> **Aim of the task**:
Your answer must match the records word for word and contain no pictures.

++++++

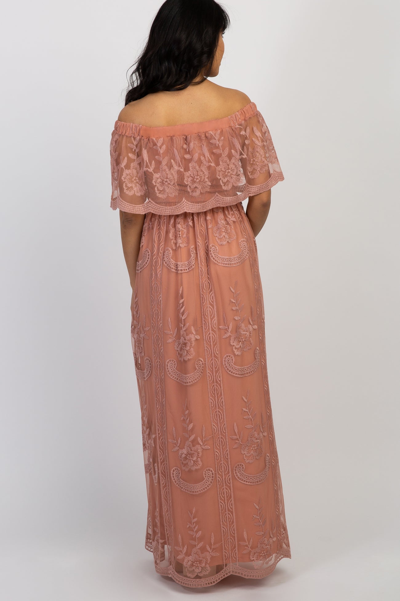 Light Pink Lace Mesh Overlay Off Shoulder Maternity Maxi Dress
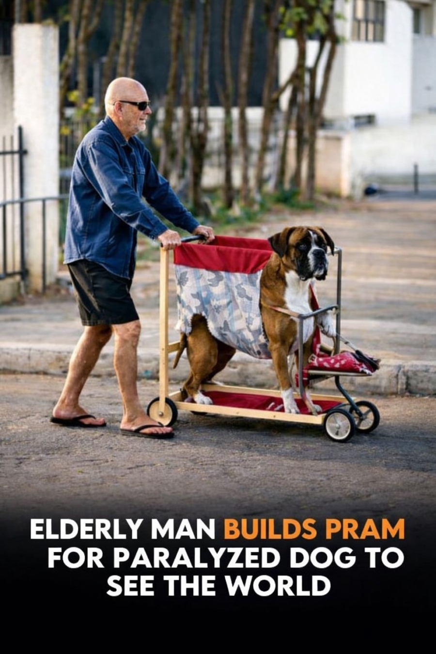 When his loyal companion became paralyzed and could no longer walk, he refused to accept that their days of exploring together were over. Instead, he built a handmade pram—carefully designed so his dog could sit comfortably while being pushed through parks, sidewalks, and quiet streets.
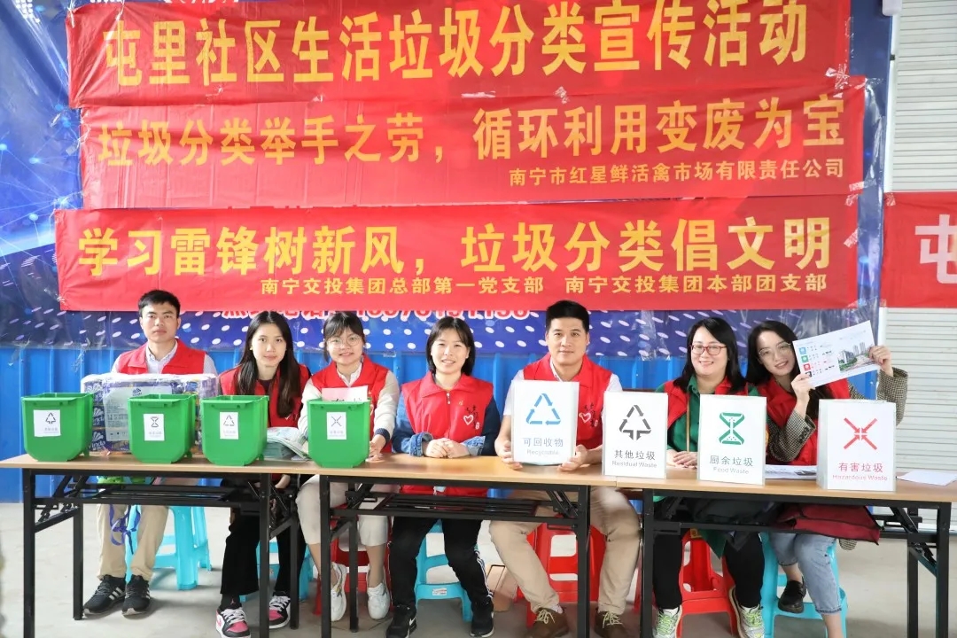 學(xué)習(xí)雷鋒精神 志愿服務(wù)滿綠城——南寧交投集團(tuán)本部黨員團(tuán)員到青秀區(qū)屯里社區(qū)開(kāi)展垃圾分類宣傳活動(dòng)
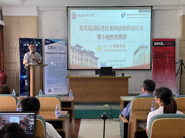第四届“国际光日”系列活动开幕仪式于5月16日上午在理工楼3-102隆重举行。光电与信息工程学院院长李晖教授、信息光子学研究中心主任谭小地教授、OEA执行主编洪明辉院士、西安电子科技大学刘金鹏副教授、东京大学吴安安博士、中科院上海光学精密机械研究所王飞博士、信息光子学研究中心全体师生及学院学生代表100余人参加了活动。李晖院长、谭小地教授分别致辞。李晖院长指出,人类每次对光的本性有新的认识,人类社会文明便能得到巨大的发展。谭小地教授则向同学们介绍了国际光年和国际光日的由来。
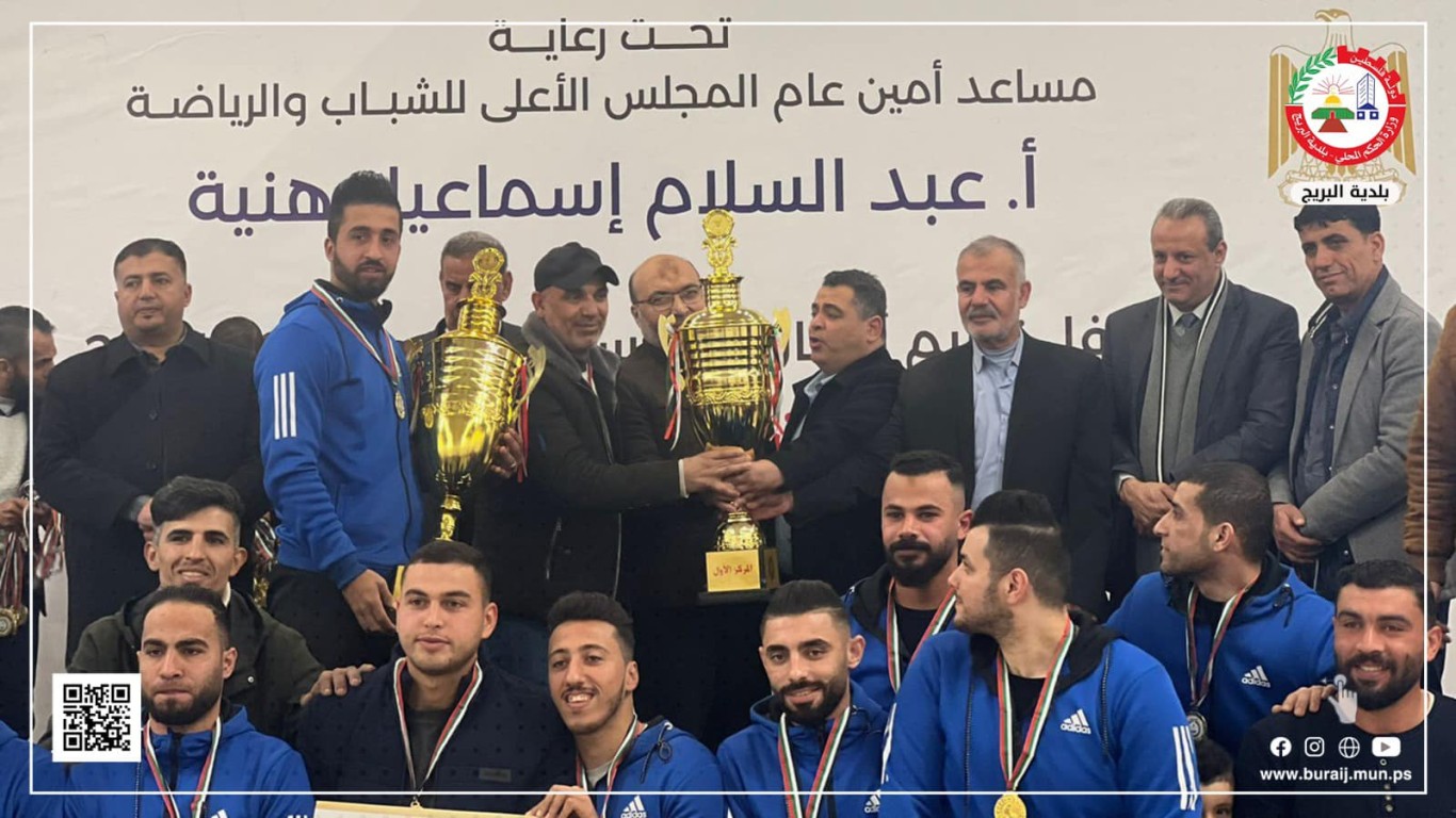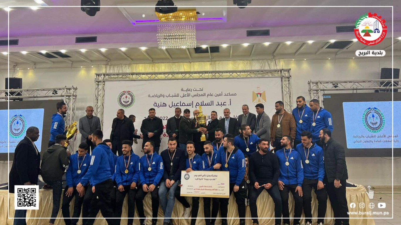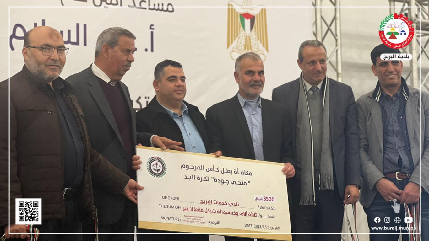 رئيس بلدية البريج م. أيمن الدويك يكرم مساعد أمين عام المجلس الأعلى للشباب والرياضة أ. عبد السلام هنية ورئيس نادي خدمات البريج أ. عدنان عيسى لجهودهم الحثيثة والمعطاءة في رعاية ودعم الرياضة الفلسطينية، جاء ذلك خلال حفل تكريم أبطال الموسم الرياضي 2022-2023 لدوري الدرجتين الثانية والثالثة لكرة القدم وأبطال دوري وكأس القدم البتر وبطل كأس اليد ومنتخب البيسبول .
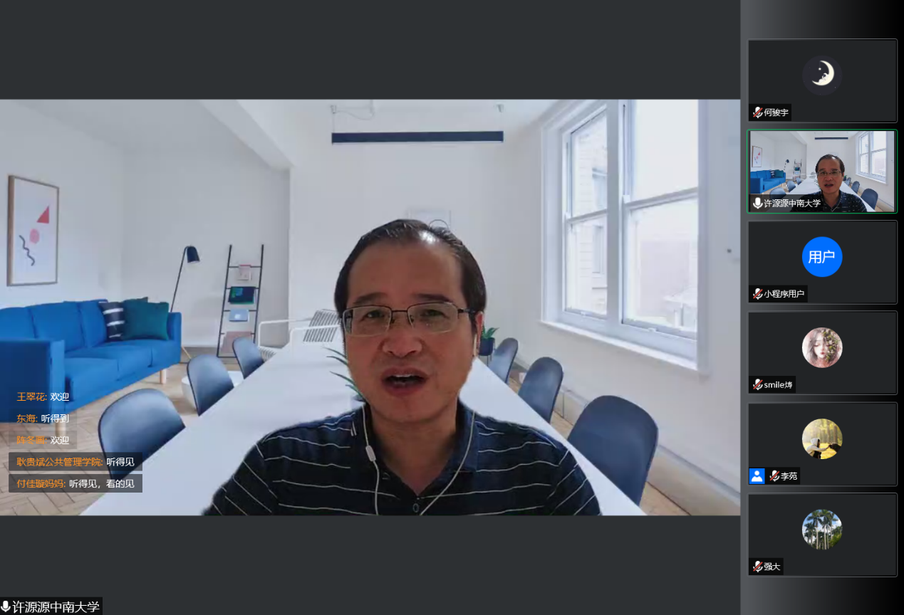 9月5日晚,星空XK经济管理类2022级线上新生家长会顺利召开。参加此次会议的嘉宾有XK星空体育院长、博士生导师龚艳萍教授,公共管理学院院长、博士生导师许源源教授,XK星空体育党委陈迎明副书记,公共管理学院党委耿贵斌副书记,XK星空体育副院长、博士生导师李大元教授,XK星空体育教管中心主任黄玖祎老师,经济管理类2022级辅导员黄河沙、孙立明、涂新宇老师,以及2022级新生家长。本次会议由XK星空体育学工办主任李苑老师主持。
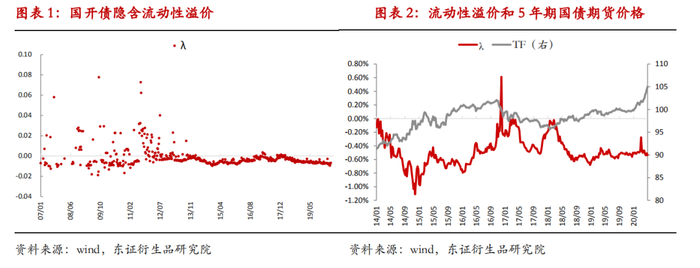 由于5年期国债期货于2013年上市,所以我们取2014年之后的国开隐含流动性溢价和5年期国债期货价格进行对比。可以看出,牛市区间的流动性溢价是要低于熊市期间的流动性溢价的。
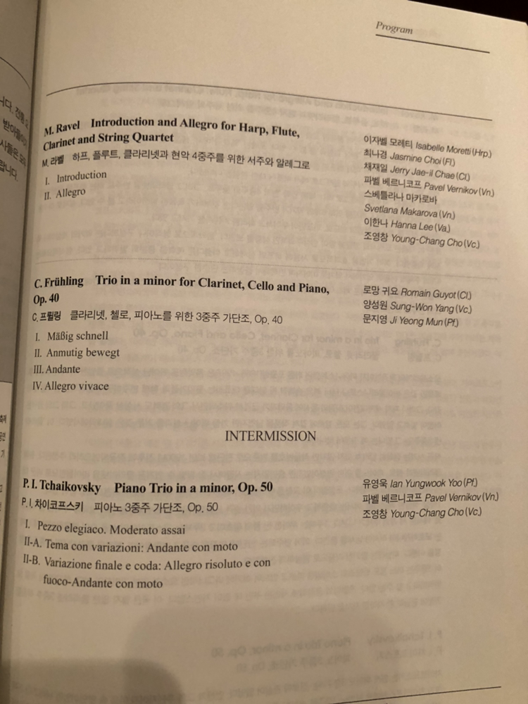 세번째 차이코프스키 곡은 크게 기대 안했는데 굉장히 좋았다고 해야할까. 한국의 베토벤이라는 칭호가 괜히 붙은게 아닌것 같은 유영욱 피아니스트의 연주는 유려하면서도 격정적이었다. 파벨 베르니코프의 바이올린 연주 역시 신들린 듯 하였고 그의 과다니니 소리는 이 세상 소리가 아닌 듯 하였다. 조영창 첼리스트님은 섬세하고 집중력 있는 연주를 보여주셔서, 세 분이 정말 멋진 협연을 보여주셨다.

++++++

> **Written reply**:
 Light Pink Lace Mesh Overlay Off Shoulder Maternity Maxi Dress
 When his loyal companion became paralyzed and could no longer walk, he refused to accept that their days of exploring together were over. Instead, he built a handmade pram—carefully designed so his dog could sit comfortably while being pushed through parks, sidewalks, and quiet streets.
 學(xué)習(xí)雷鋒精神 志愿服務(wù)滿綠城——南寧交投集團(tuán)本部黨員團(tuán)員到青秀區(qū)屯里社區(qū)開(kāi)展垃圾分類宣傳活動(dòng)
第四届“国际光日”系列活动开幕仪式于5月16日上午在理工楼3-102隆重举行。光电与信息工程学院院长李晖教授、信息光子学研究中心主任谭小地教授、OEA执行主编洪明辉院士、西安电子科技大学刘金鹏副教授、东京大学吴安安博士、中科院上海光学精密机械研究所王飞博士、信息光子学研究中心全体师生及学院学生代表100余人参加了活动。李晖院长、谭小地教授分别致辞。李晖院长指出,人类每次对光的本性有新的认识,人类社会文明便能得到巨大的发展。谭小地教授则向同学们介绍了国际光年和国际光日的由来。
 رئيس بلدية البريج م. أيمن الدويك يكرم مساعد أمين عام المجلس الأعلى للشباب والرياضة أ. عبد السلام هنية ورئيس نادي خدمات البريج أ. عدنان عيسى لجهودهم الحثيثة والمعطاءة في رعاية ودعم الرياضة الفلسطينية، جاء ذلك خلال حفل تكريم أبطال الموسم الرياضي 2022-2023 لدوري الدرجتين الثانية والثالثة لكرة القدم وأبطال دوري وكأس القدم البتر وبطل كأس اليد ومنتخب البيسبول .
 9月5日晚,星空XK经济管理类2022级线上新生家长会顺利召开。参加此次会议的嘉宾有XK星空体育院长、博士生导师龚艳萍教授,公共管理学院院长、博士生导师许源源教授,XK星空体育党委陈迎明副书记,公共管理学院党委耿贵斌副书记,XK星空体育副院长、博士生导师李大元教授,XK星空体育教管中心主任黄玖祎老师,经济管理类2022级辅导员黄河沙、孙立明、涂新宇老师,以及2022级新生家长。本次会议由XK星空体育学工办主任李苑老师主持。
 由于5年期国债期货于2013年上市,所以我们取2014年之后的国开隐含流动性溢价和5年期国债期货价格进行对比。可以看出,牛市区间的流动性溢价是要低于熊市期间的流动性溢价的。
 세번째 차이코프스키 곡은 크게 기대 안했는데 굉장히 좋았다고 해야할까. 한국의 베토벤이라는 칭호가 괜히 붙은게 아닌것 같은 유영욱 피아니스트의 연주는 유려하면서도 격정적이었다. 파벨 베르니코프의 바이올린 연주 역시 신들린 듯 하였고 그의 과다니니 소리는 이 세상 소리가 아닌 듯 하였다. 조영창 첼리스트님은 섬세하고 집중력 있는 연주를 보여주셔서, 세 분이 정말 멋진 협연을 보여주셨다.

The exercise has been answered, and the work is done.